What is needed: Every line below must be reproduced exactly; no pictures are to be included.

Given records:

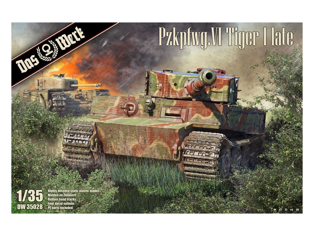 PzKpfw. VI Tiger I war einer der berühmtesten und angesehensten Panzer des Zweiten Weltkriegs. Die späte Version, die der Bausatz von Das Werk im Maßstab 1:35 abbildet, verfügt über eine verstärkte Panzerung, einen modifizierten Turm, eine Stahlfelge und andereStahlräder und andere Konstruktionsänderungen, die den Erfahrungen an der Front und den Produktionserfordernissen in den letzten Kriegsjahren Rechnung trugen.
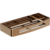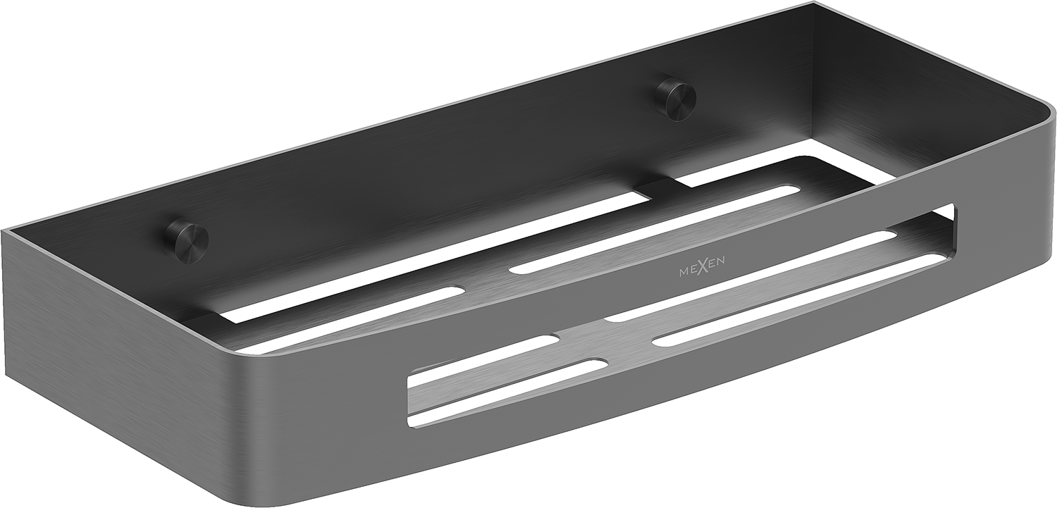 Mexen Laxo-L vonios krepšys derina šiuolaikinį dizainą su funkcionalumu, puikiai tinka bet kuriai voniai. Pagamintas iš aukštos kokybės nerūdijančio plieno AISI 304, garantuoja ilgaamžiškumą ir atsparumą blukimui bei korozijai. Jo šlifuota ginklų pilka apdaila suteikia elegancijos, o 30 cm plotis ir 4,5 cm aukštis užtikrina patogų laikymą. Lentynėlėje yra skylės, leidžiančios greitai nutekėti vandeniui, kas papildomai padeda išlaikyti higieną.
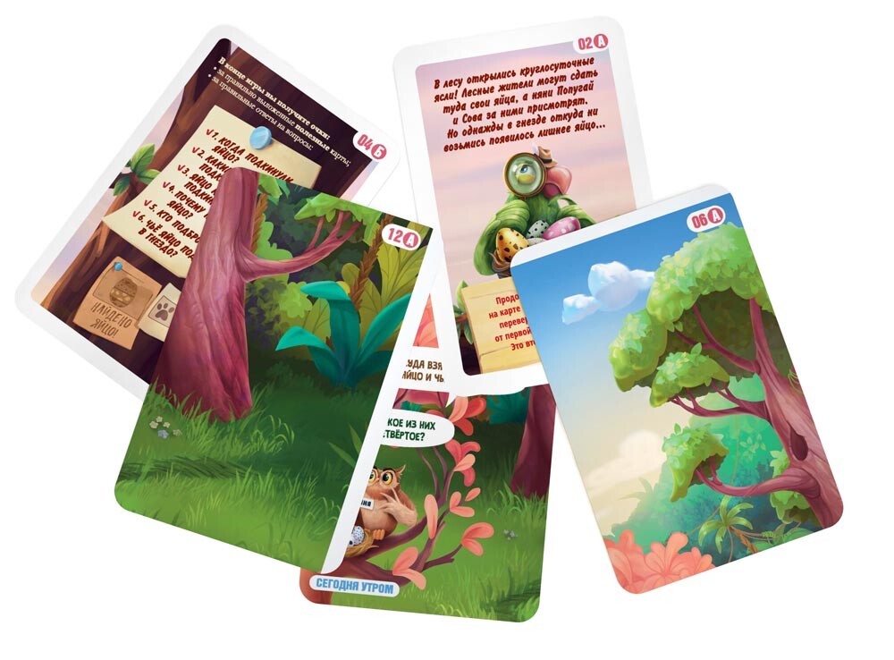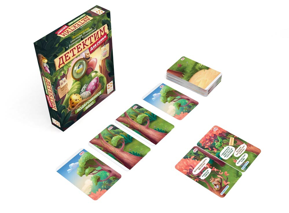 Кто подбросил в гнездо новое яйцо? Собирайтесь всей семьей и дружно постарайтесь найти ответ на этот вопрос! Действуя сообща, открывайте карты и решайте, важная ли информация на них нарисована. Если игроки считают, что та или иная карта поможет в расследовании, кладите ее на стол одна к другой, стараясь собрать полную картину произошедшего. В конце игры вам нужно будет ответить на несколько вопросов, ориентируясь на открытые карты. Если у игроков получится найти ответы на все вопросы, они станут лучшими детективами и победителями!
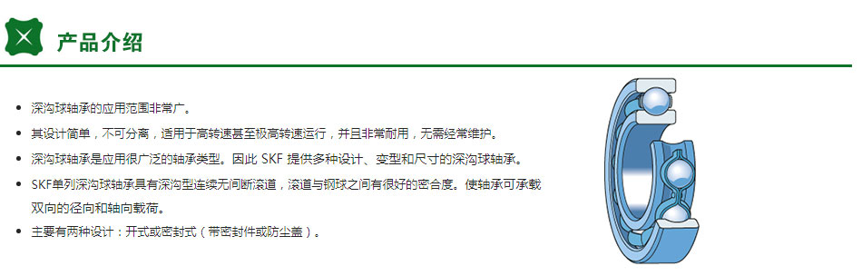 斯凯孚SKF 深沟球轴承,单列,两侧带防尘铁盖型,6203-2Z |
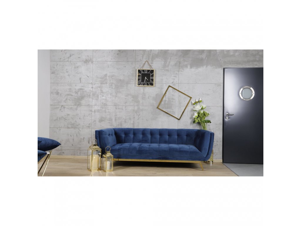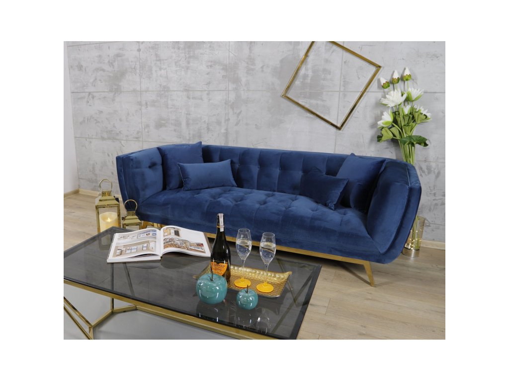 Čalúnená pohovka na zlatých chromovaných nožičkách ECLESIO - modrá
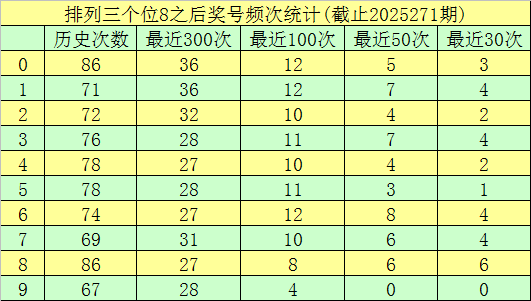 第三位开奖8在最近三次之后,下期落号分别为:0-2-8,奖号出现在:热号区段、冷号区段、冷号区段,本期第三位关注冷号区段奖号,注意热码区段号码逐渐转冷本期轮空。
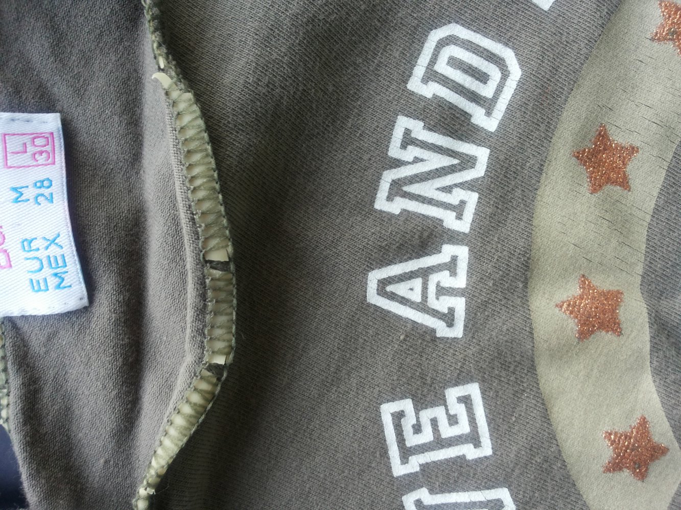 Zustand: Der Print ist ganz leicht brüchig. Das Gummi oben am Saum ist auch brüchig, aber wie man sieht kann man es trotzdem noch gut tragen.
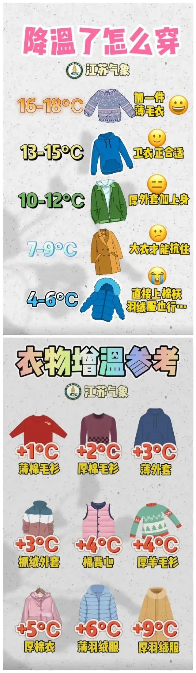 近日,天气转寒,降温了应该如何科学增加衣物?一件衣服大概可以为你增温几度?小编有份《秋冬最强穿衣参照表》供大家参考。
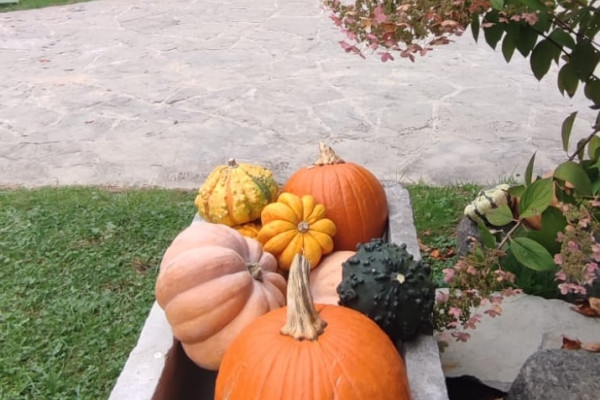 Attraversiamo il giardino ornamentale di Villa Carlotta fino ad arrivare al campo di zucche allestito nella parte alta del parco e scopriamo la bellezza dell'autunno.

Response to the exercise:
 PzKpfw. VI Tiger I war einer der berühmtesten und angesehensten Panzer des Zweiten Weltkriegs. Die späte Version, die der Bausatz von Das Werk im Maßstab 1:35 abbildet, verfügt über eine verstärkte Panzerung, einen modifizierten Turm, eine Stahlfelge und andereStahlräder und andere Konstruktionsänderungen, die den Erfahrungen an der Front und den Produktionserfordernissen in den letzten Kriegsjahren Rechnung trugen.
 Mexen Laxo-L vonios krepšys derina šiuolaikinį dizainą su funkcionalumu, puikiai tinka bet kuriai voniai. Pagamintas iš aukštos kokybės nerūdijančio plieno AISI 304, garantuoja ilgaamžiškumą ir atsparumą blukimui bei korozijai. Jo šlifuota ginklų pilka apdaila suteikia elegancijos, o 30 cm plotis ir 4,5 cm aukštis užtikrina patogų laikymą. Lentynėlėje yra skylės, leidžiančios greitai nutekėti vandeniui, kas papildomai padeda išlaikyti higieną.
 Кто подбросил в гнездо новое яйцо? Собирайтесь всей семьей и дружно постарайтесь найти ответ на этот вопрос! Действуя сообща, открывайте карты и решайте, важная ли информация на них нарисована. Если игроки считают, что та или иная карта поможет в расследовании, кладите ее на стол одна к другой, стараясь собрать полную картину произошедшего. В конце игры вам нужно будет ответить на несколько вопросов, ориентируясь на открытые карты. Если у игроков получится найти ответы на все вопросы, они станут лучшими детективами и победителями!
 斯凯孚SKF 深沟球轴承,单列,两侧带防尘铁盖型,6203-2Z |
 Čalúnená pohovka na zlatých chromovaných nožičkách ECLESIO - modrá
 第三位开奖8在最近三次之后,下期落号分别为:0-2-8,奖号出现在:热号区段、冷号区段、冷号区段,本期第三位关注冷号区段奖号,注意热码区段号码逐渐转冷本期轮空。
 Zustand: Der Print ist ganz leicht brüchig. Das Gummi oben am Saum ist auch brüchig, aber wie man sieht kann man es trotzdem noch gut tragen.
 近日,天气转寒,降温了应该如何科学增加衣物?一件衣服大概可以为你增温几度?小编有份《秋冬最强穿衣参照表》供大家参考。
 Attraversiamo il giardino ornamentale di Villa Carlotta fino ad arrivare al campo di zucche allestito nella parte alta del parco e scopriamo la bellezza dell'autunno.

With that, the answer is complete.